» **What you should do**: Write out the records below exactly as they appear, skipping each picture.

» **Exercise inputs**:
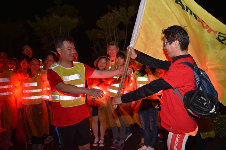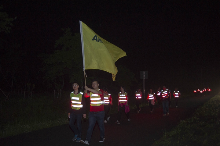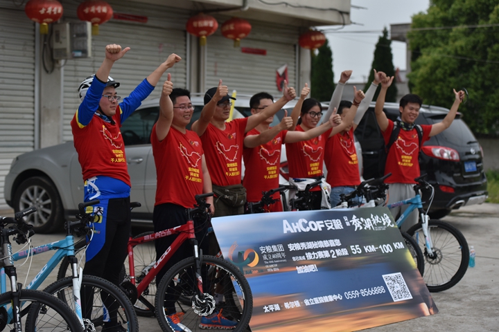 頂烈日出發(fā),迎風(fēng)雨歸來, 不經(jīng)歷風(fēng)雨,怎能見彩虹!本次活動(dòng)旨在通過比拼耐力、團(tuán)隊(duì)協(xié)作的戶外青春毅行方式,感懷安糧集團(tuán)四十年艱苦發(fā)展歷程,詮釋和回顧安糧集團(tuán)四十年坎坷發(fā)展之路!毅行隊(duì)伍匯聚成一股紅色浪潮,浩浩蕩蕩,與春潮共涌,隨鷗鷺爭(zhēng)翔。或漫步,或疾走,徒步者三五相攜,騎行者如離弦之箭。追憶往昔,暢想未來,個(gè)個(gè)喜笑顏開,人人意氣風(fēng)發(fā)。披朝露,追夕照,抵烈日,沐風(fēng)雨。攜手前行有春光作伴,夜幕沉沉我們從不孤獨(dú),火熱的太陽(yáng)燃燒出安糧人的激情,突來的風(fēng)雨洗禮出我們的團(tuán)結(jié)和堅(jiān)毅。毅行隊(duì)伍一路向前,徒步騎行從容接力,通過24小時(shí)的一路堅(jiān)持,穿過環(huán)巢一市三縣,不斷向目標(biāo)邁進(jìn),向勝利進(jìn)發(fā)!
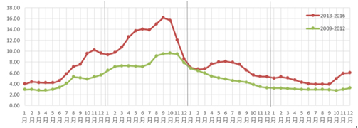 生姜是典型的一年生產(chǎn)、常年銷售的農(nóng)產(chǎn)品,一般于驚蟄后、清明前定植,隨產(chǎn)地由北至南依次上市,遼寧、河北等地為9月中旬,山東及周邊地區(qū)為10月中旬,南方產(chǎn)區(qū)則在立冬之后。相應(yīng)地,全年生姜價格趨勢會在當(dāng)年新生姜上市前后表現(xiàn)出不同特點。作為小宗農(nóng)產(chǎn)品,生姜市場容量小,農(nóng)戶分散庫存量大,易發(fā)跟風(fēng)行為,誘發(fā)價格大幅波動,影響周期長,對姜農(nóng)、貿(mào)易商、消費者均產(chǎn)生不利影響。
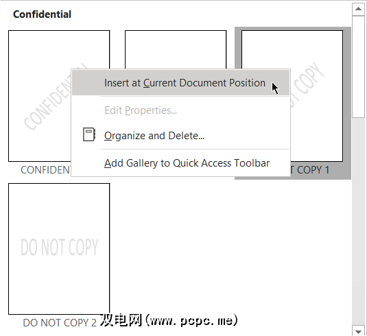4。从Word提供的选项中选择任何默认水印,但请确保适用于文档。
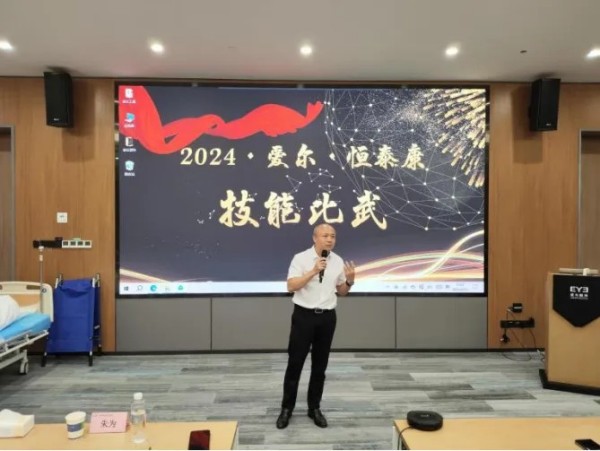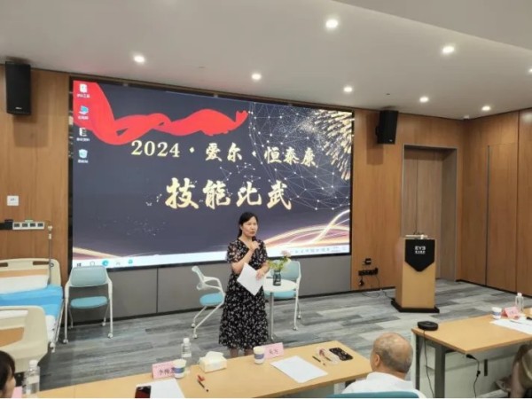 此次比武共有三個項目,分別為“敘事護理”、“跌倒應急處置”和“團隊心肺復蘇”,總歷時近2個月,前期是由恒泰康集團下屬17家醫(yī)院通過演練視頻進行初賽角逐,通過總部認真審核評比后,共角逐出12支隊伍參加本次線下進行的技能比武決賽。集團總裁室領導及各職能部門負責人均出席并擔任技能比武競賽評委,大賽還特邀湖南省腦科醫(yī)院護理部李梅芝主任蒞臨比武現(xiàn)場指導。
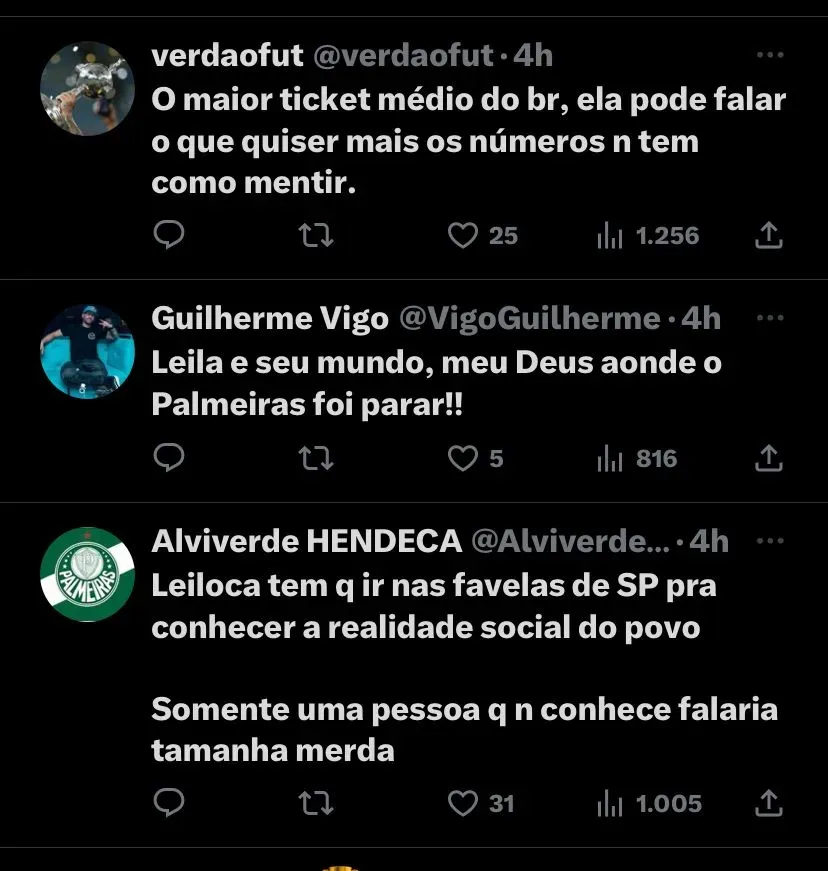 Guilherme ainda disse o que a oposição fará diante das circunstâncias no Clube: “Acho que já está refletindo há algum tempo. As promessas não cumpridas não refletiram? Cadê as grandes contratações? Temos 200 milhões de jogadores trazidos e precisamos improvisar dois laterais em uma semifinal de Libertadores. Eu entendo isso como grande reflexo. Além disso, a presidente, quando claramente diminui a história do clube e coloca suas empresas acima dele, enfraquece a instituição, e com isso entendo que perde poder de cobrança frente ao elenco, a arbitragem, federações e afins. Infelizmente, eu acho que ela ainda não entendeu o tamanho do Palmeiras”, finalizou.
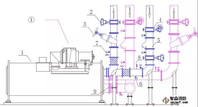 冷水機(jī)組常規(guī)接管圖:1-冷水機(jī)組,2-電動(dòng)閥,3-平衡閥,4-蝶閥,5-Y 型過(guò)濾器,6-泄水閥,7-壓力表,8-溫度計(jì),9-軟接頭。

» **Task output**:
 頂烈日出發(fā),迎風(fēng)雨歸來, 不經(jīng)歷風(fēng)雨,怎能見彩虹!本次活動(dòng)旨在通過比拼耐力、團(tuán)隊(duì)協(xié)作的戶外青春毅行方式,感懷安糧集團(tuán)四十年艱苦發(fā)展歷程,詮釋和回顧安糧集團(tuán)四十年坎坷發(fā)展之路!毅行隊(duì)伍匯聚成一股紅色浪潮,浩浩蕩蕩,與春潮共涌,隨鷗鷺爭(zhēng)翔。或漫步,或疾走,徒步者三五相攜,騎行者如離弦之箭。追憶往昔,暢想未來,個(gè)個(gè)喜笑顏開,人人意氣風(fēng)發(fā)。披朝露,追夕照,抵烈日,沐風(fēng)雨。攜手前行有春光作伴,夜幕沉沉我們從不孤獨(dú),火熱的太陽(yáng)燃燒出安糧人的激情,突來的風(fēng)雨洗禮出我們的團(tuán)結(jié)和堅(jiān)毅。毅行隊(duì)伍一路向前,徒步騎行從容接力,通過24小時(shí)的一路堅(jiān)持,穿過環(huán)巢一市三縣,不斷向目標(biāo)邁進(jìn),向勝利進(jìn)發(fā)!
 生姜是典型的一年生產(chǎn)、常年銷售的農(nóng)產(chǎn)品,一般于驚蟄后、清明前定植,隨產(chǎn)地由北至南依次上市,遼寧、河北等地為9月中旬,山東及周邊地區(qū)為10月中旬,南方產(chǎn)區(qū)則在立冬之后。相應(yīng)地,全年生姜價格趨勢會在當(dāng)年新生姜上市前后表現(xiàn)出不同特點。作為小宗農(nóng)產(chǎn)品,生姜市場容量小,農(nóng)戶分散庫存量大,易發(fā)跟風(fēng)行為,誘發(fā)價格大幅波動,影響周期長,對姜農(nóng)、貿(mào)易商、消費者均產(chǎn)生不利影響。
4。从Word提供的选项中选择任何默认水印,但请确保适用于文档。
 此次比武共有三個項目,分別為“敘事護理”、“跌倒應急處置”和“團隊心肺復蘇”,總歷時近2個月,前期是由恒泰康集團下屬17家醫(yī)院通過演練視頻進行初賽角逐,通過總部認真審核評比后,共角逐出12支隊伍參加本次線下進行的技能比武決賽。集團總裁室領導及各職能部門負責人均出席并擔任技能比武競賽評委,大賽還特邀湖南省腦科醫(yī)院護理部李梅芝主任蒞臨比武現(xiàn)場指導。
 Guilherme ainda disse o que a oposição fará diante das circunstâncias no Clube: “Acho que já está refletindo há algum tempo. As promessas não cumpridas não refletiram? Cadê as grandes contratações? Temos 200 milhões de jogadores trazidos e precisamos improvisar dois laterais em uma semifinal de Libertadores. Eu entendo isso como grande reflexo. Além disso, a presidente, quando claramente diminui a história do clube e coloca suas empresas acima dele, enfraquece a instituição, e com isso entendo que perde poder de cobrança frente ao elenco, a arbitragem, federações e afins. Infelizmente, eu acho que ela ainda não entendeu o tamanho do Palmeiras”, finalizou.
 冷水機(jī)組常規(guī)接管圖:1-冷水機(jī)組,2-電動(dòng)閥,3-平衡閥,4-蝶閥,5-Y 型過(guò)濾器,6-泄水閥,7-壓力表,8-溫度計(jì),9-軟接頭。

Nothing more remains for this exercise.